For organizations with 100+ ICs, skip level meetings become logistically complex.

Tier-based approach: Not every IC needs face time with the CEO. Create a tiered skip level structure:

Tier 1: Team members skip level with their skip-level manager (their manager's manager)
Tier 2: High performers or leaders in critical areas skip level with VPs
Tier 3: Director-level or senior ICs skip level with C-level executives

This ensures every IC has a skip level opportunity while keeping senior leadership accessible for the people they most need to hear from.

Seasonal rotation: Instead of continuous skip levels, run them quarterly. Q1: Sales and customer-facing teams, Q2: Engineering, Q3: Product/Design, Q4: Operations/Support. This concentrates effort and keeps the program manageable.

Pulse surveys as supplement: For years when you can’t do individual skip levels, run anonymous pulse surveys asking the same questions you’d ask in a skip level meeting. Follow up with small group conversations rather than 1:1s.

Building a Culture of Open Communication

Skip level meetings are just one tool in a larger communication strategy. Encourage open channels at all levels: skip level meetings work best when ICs already feel comfortable sharing feedback with their direct managers.

Start small. Pick one team to pilot the program, gather feedback, refine your approach, then scale. The goal isn’t perfection—it’s creating a consistent channel for voices that typically go unheard.

The best remote organizations build multiple redundant paths for feedback. Skip level meetings should complement, not replace, regular 1:1s, team retrospectives, and all-hands meetings.

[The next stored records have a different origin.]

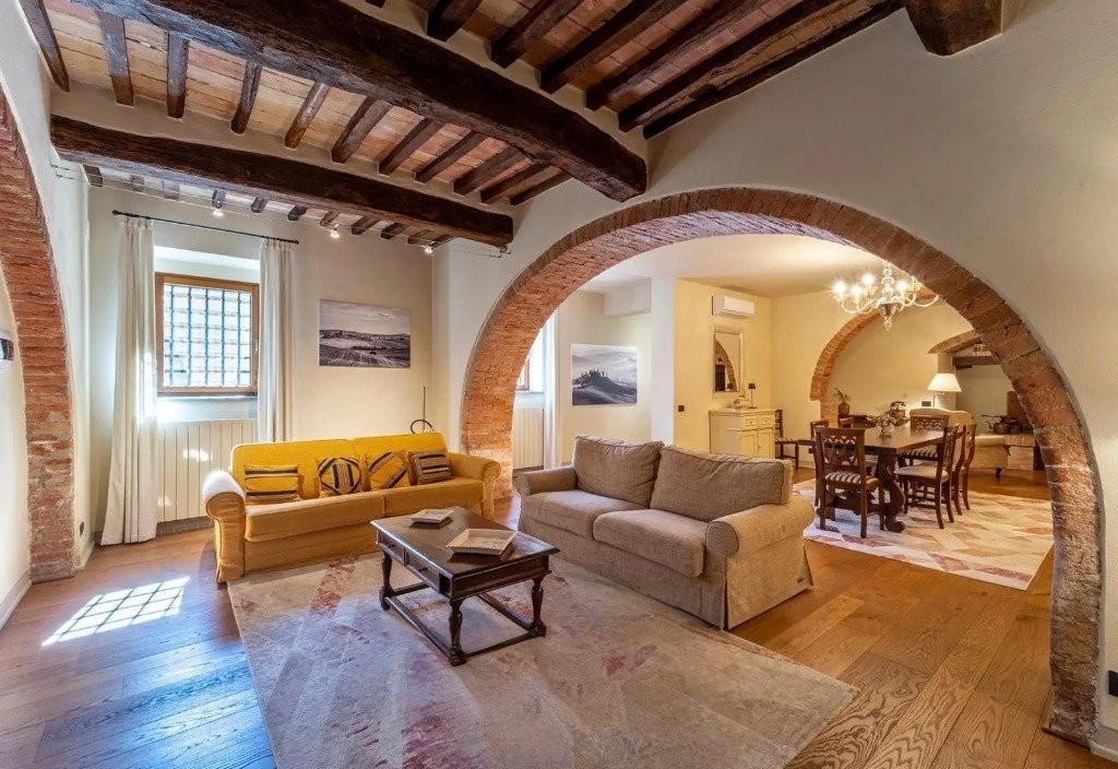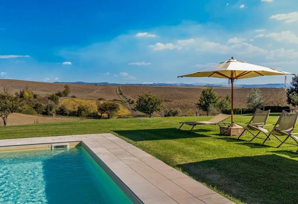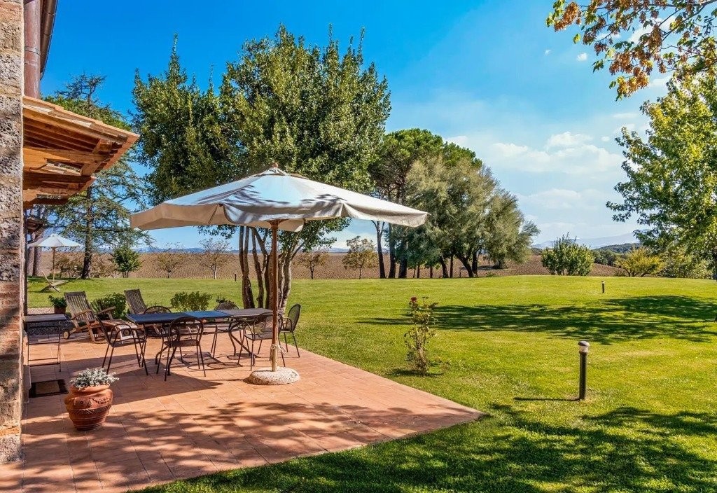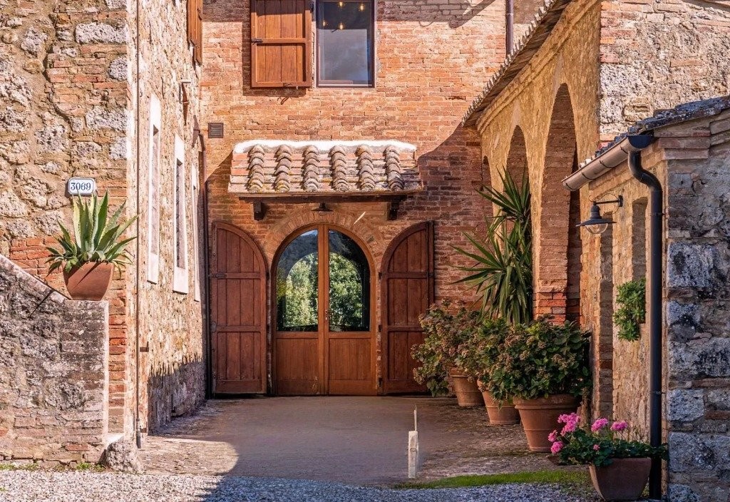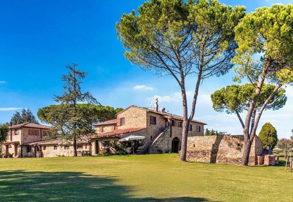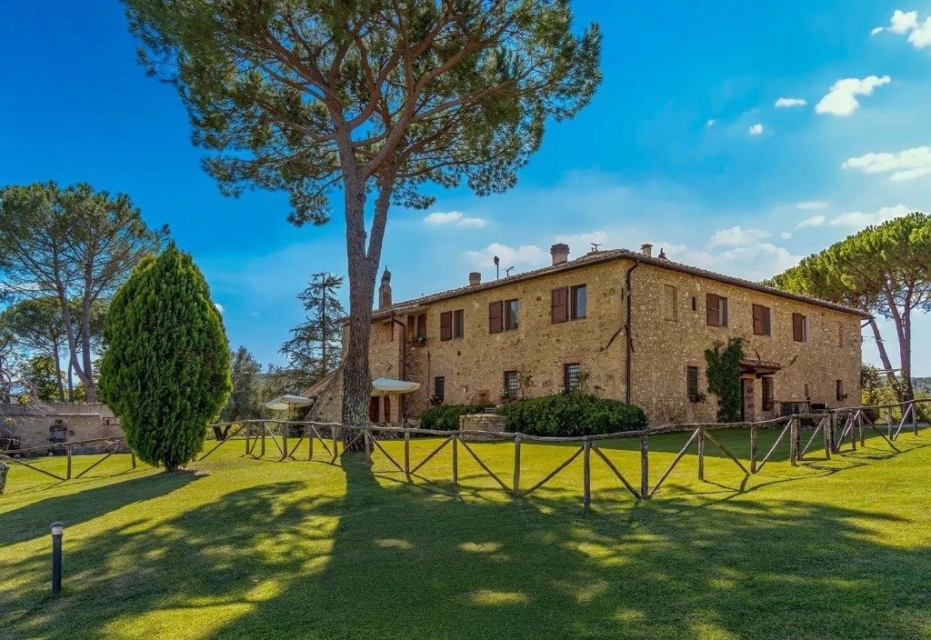 Ein restauriertes toskanisches Landhaus mit 760 m² Wohnfläche auf 1,5 Hektar Privatgrund, gelegen zwischen den Lehmhügeln der Crete Senesi und dem Val d'Orcia. Das Gebäude ist in sechs unabhängige Apartments unterteilt mit insgesamt dreizehn Schlafzimmern und neun Badezimmern. Große Fenster rahmen den freien Blick auf die umliegenden Hügel und Wälder.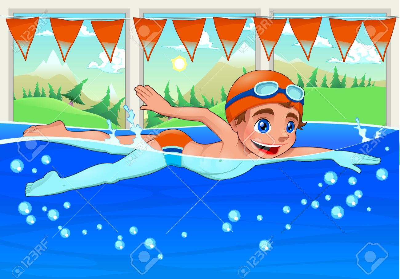 Caricatura De Un Pequeño Nadador En La Piscina Ilustración del ...
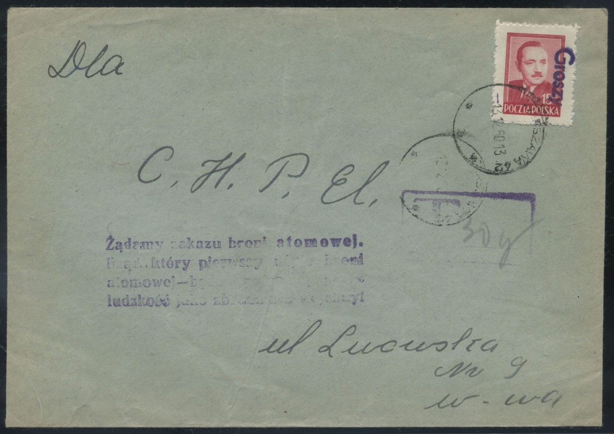1950 groszy, list z Chełmna do Warszawy opłacony znaczkami z nadrukiem groszy typ 2 w barwie fioletowej. | Fi.475 |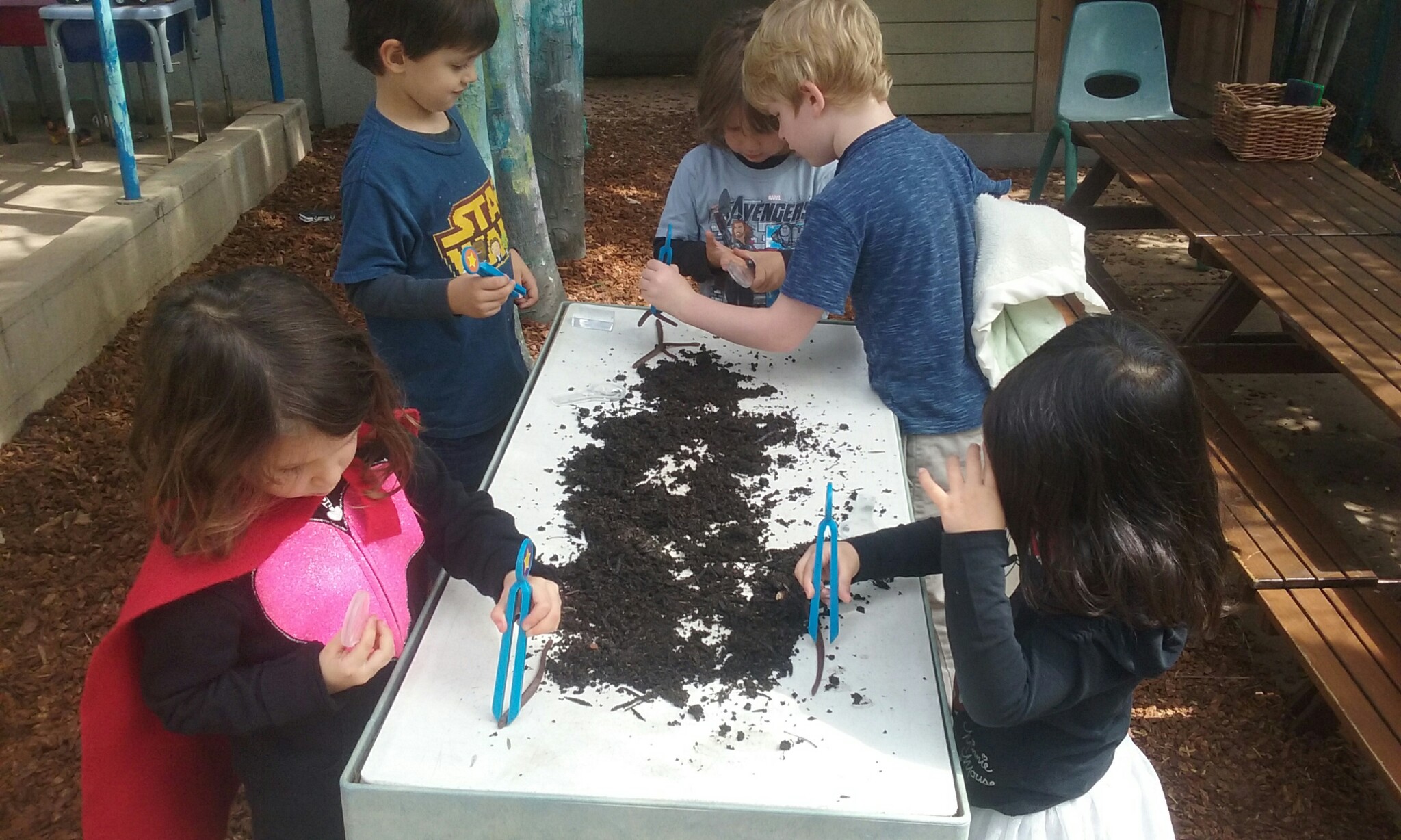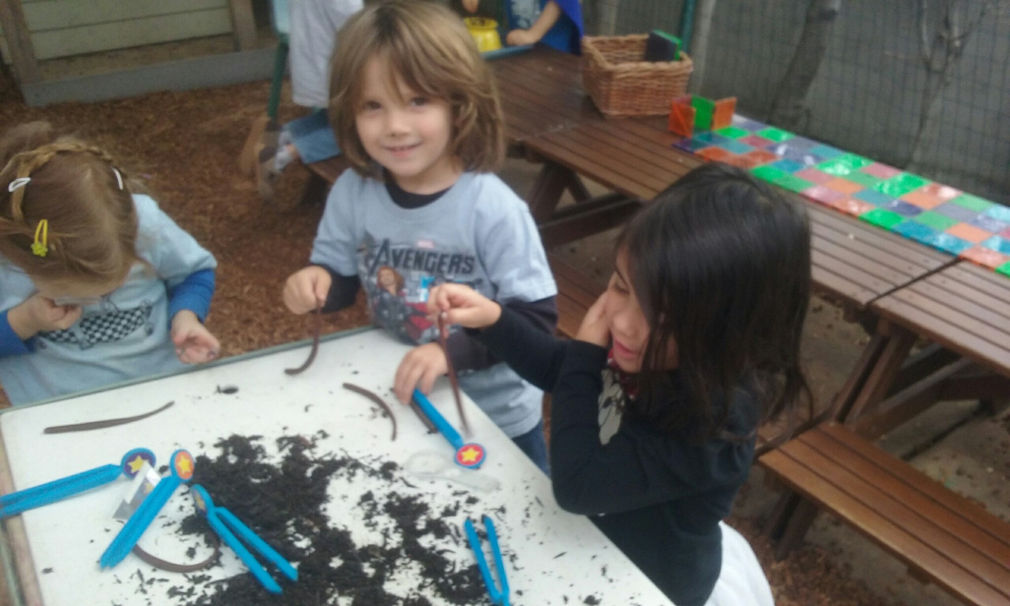 Following that, we practiced our observation skills by posing the worms in various positions that we thought may help them eat, sleep, and wriggle around. Some children created little hills for them, others placed them underneath the dirt, and others thought they would enjoy going inside the water table.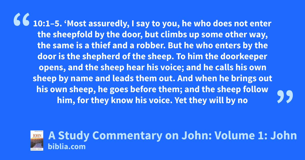 10:1–5. ‘Most assuredly, I say to you, he who does not enter the sheepfold by the door, but climbs up some other way, the same is a thief and a robber. But he who enters by the door is the shepherd of the sheep. To him the doorkeeper opens, and the sheep hear his voice; and he calls his own sheep by name and leads them out. And when he brings out his own sheep, he goes before them; and the sheep follow him, for they know his voice. Yet they will by no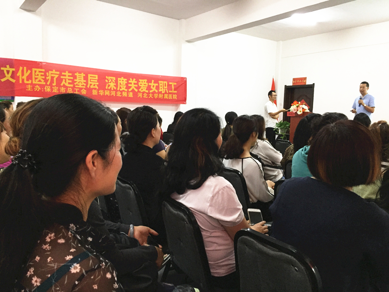 近日,“保定责任”温馨工程——女职工追踪性深度健康服务走进涞源县,健康专家、我院妇科首席医师马幼菊、中西医结合科副主任张占英、乳腺外科主任医师陈鹊汀,为一线女职工进行了“幸福的日子——关爱女性健康”公益文化医疗服务。保定市总工会女职工委员会主任支亚、涞源县人大常委会副主任、县总工会主席李凯全程参加活动。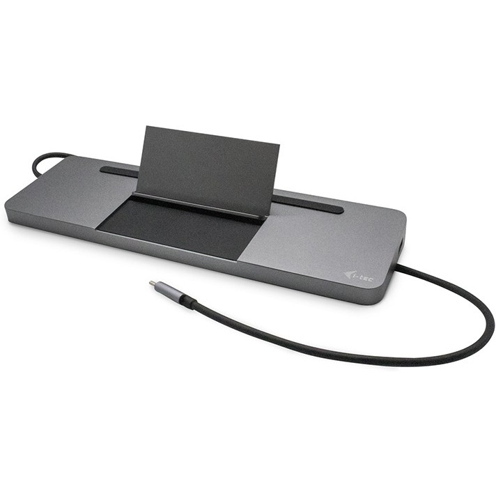Ergonomiczna metalowa stacja dokująca USB-C z obsługą do 3 zewnętrznych monitorów. Stacja jest kompatybilna z każdym laptopem wyposażonym w port USB-C lub Thunderbolt 3 (zintegrowany kabel o długości 60 cm jest wystarczająco długi, aby połączyć wszystkie laptopy z ekranami o rozmiarze do 15 ). Stacja dokująca zapewnia 4x porty USB, niezawodne i szybkie połączenie z sieciami firmowymi dzięki zintegrowanemu portowi LAN i mocy do 85 W. Konstrukcja stacji pozwala również na wykorzystanie jej jako podstawy do laptopa.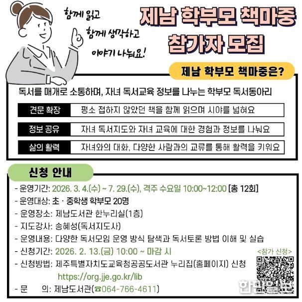 한민일보 서울포커스 임경복 기자 | 제주도교육청 제남도서관은 3월 4일부터 7월 29일까지 지역 초·중학교 학부모들을 대상으로 독서를 통해 삶의 지혜를 나누는 ‘제남 학부모 책마중’ 프로그램을 운영한다.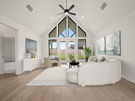 Lovely, modern, single-story plan by Newmark Homes, located in the fabulous community of Bridgeland! The Cameron plan features 4 beds, 3 baths, 2 car garage, breakfast area with a wide-open kitchen and family room. Soaring high 21' vaulted ceilings over-look a spacious covered patio.

Frequently Asked Questions

How long does it take to remote organizations?

For a straightforward setup, expect 30 minutes to 2 hours depending on your familiarity with the tools involved. Complex configurations with custom requirements may take longer. Having your credentials and environment ready before starting saves significant time.

What are the most common mistakes to avoid?

The most frequent issues are skipping prerequisite steps, using outdated package versions, and not reading error messages carefully. Follow the steps in order, verify each one works before moving on, and check the official documentation if something behaves unexpectedly.

Do I need prior experience to follow this guide?

Basic familiarity with the relevant tools and command line is helpful but not strictly required. Each step is explained with context. If you get stuck, the official documentation for each tool covers fundamentals that may fill in knowledge gaps.

Can I adapt this for a different tech stack?

Yes, the underlying concepts transfer to other stacks, though the specific implementation details will differ. Look for equivalent libraries and patterns in your target stack. The architecture and workflow design remain similar even when the syntax changes.

Where can I get help if I run into issues?

Start with the official documentation for each tool mentioned. Stack Overflow and GitHub Issues are good next steps for specific error messages. Community forums and Discord servers for the relevant tools often have active members who can help with setup problems.